I never hiked down more than 1½ miles below the canyon rim, but I probably spent five hours on the Bright Angel Trail (using crampons, because there was still plenty of ice). The view was almost paralyzing, and it changed with every step. As I trudged and lingered, I imagined Emery Kolb, 5 feet, 2 inches and full of cantankerous energy, shouldering past me.

Emery was the younger brother. Biographer William C. Suran writes that he was shrewd, scrappy and 21 when the business was born. (Ellsworth, adventurous and easygoing, was 26. He arrived first, in 1901.)

In the early years of the studio, after Emery snapped the tourists at the trailhead with a 5-by-7 camera, he would hike 4½ miles down the trail to Indian Garden, halfway to the canyon floor. Why? Because it had the nearest running water, and that’s where his rustic darkroom was set up. Once his negatives were processed and prints were made, Kolb would rush back up the trail to beat the returning tourists.

That routine might seem enough to keep a photographer busy. But in the fall and winter of 1911-12, the Kolbs got hold of an early movie camera and decided to film themselves following the long, death-defying route of John Wesley Powell’s first descent of the Colorado River. Starting on the Green River in Wyoming, passing through the canyon and finishing at Needles, Calif., the two (with two helpers at different times) spent 101 days on the river, surviving hundreds of rapids.

Spliced together, their footage amounted to the first motion picture showing the Grand Canyon — and it may have kept the company afloat. In 1914, the Santa Fe Railway and the Fred Harvey Co. had architect Mary Colter build a rival photo studio to grab the Kolbs’ business. But the brothers counterpunched. They added an auditorium to their studio and in 1915 started screening their movie nightly, with live narration. It was a hit.

Ellsworth moved to Los Angeles and sold his share of the business in 1924, but Emery continued to photograph the mule strings through the window and narrate the film nightly. He lived in the studio building with his wife, Blanche, and their daughter, Edith.

Edith grew up and Blanche died in 1960, but Emery stayed at it. As late as 1969, at 88, he was still shooting two mule strings a day. By late 1976, when Emery died at age 95, the film had been running nightly for more than 60 years, and Kolb had photographed an estimated 50,000 mule strings. (If you caught the Grand Canyon parts of Ken Burns’ 2009 PBS series on the national parks, you may have seen some of his footage.) Meanwhile, the cliff-clinging Kolb building had surpassed 50 years of age, which officially made it part of Grand Canyon history.

Now the Grand Canyon Association uses it as a gallery and gift shop (still in competition with the Lookout Studio down the path). The old auditorium is filled with an exhibition on the Kolbs.

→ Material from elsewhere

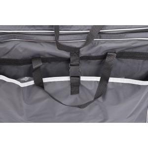 Чехол с двумя отделениями и двумя дополнительными боковыми карманами, предназначенный для транспортировки прямоугольного в сечении садка. Он выполнен из абсолютно непромокаемой ткани с ПВХ-покрытием, закрывается на молнию. Благодаря этому он не пропускает не только воду, но и запах, тем самым, решая все проблемы, которые могут возникнуть при транспортировке мокрого садка с рыбалки. Чехол оборудован ручками для переноски.

Its private residential rooms are "too delicate" for frequent tours, studio manager Robb Seftar said, but he was willing to show me around, including the room with the view where Emery Kolb often lay in his last months and the little window where he used to take the mule-string shots. We also prowled around the adjacent darkroom, built to succeed the one at Indian Garden. It was still full of the photographer’s tools.

This a strange thing to admit after four days in panoramaland, but the Grand Canyon location that lingers most vividly in my senses today is the little window and the cramped, viewless darkroom where Kolb framed the canyon for so many American travelers. At least 40 years after the old man developed his last picture, it still smells of fixer.